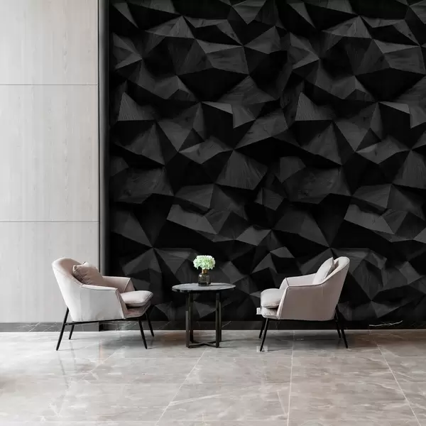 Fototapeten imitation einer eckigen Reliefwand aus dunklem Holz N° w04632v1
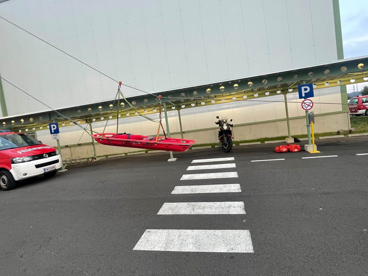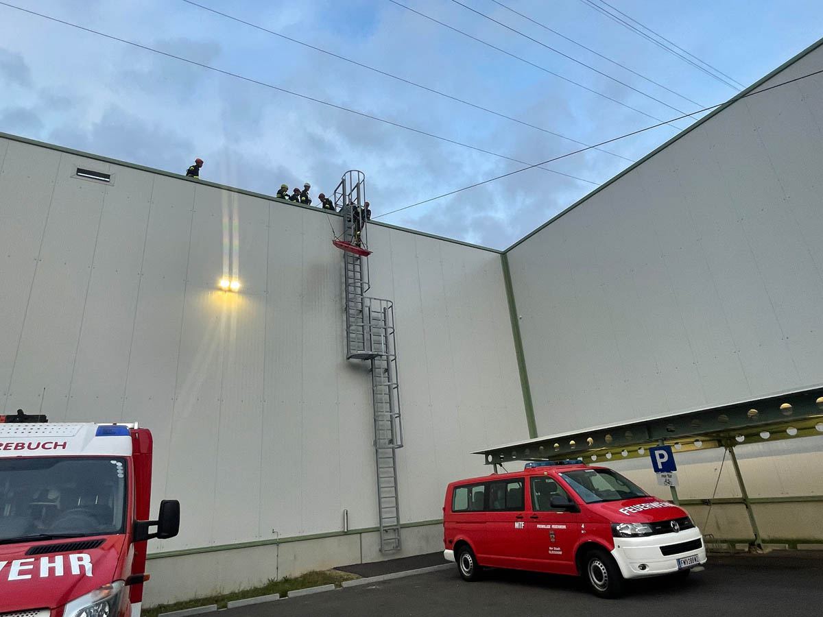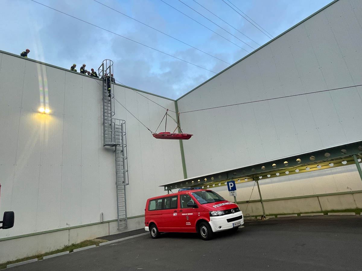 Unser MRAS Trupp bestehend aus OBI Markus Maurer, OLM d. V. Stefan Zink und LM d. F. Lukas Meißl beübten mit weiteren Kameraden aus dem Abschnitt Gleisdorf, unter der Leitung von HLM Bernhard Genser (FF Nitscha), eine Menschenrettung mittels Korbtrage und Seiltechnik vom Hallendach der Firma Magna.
■ ■ ■ ■ ■
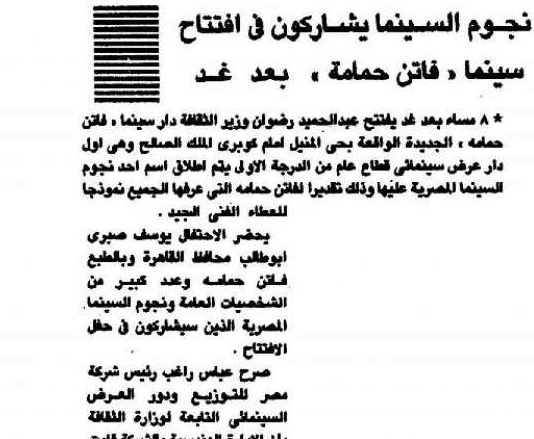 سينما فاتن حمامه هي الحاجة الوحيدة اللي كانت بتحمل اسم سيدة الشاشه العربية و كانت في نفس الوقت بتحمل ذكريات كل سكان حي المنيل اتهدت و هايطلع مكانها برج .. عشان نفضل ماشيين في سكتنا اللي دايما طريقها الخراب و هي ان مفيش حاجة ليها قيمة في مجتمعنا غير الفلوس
■ ■ ■ ■ ■
## Try it
In the listing above, find the line with "Fototapeten imitation einer" and the line with "Unser MRAS Trupp". Copy exactly those lines and all between them, minus the images.

## Exercise response
 Fototapeten imitation einer eckigen Reliefwand aus dunklem Holz N° w04632v1
 Unser MRAS Trupp bestehend aus OBI Markus Maurer, OLM d. V. Stefan Zink und LM d. F. Lukas Meißl beübten mit weiteren Kameraden aus dem Abschnitt Gleisdorf, unter der Leitung von HLM Bernhard Genser (FF Nitscha), eine Menschenrettung mittels Korbtrage und Seiltechnik vom Hallendach der Firma Magna.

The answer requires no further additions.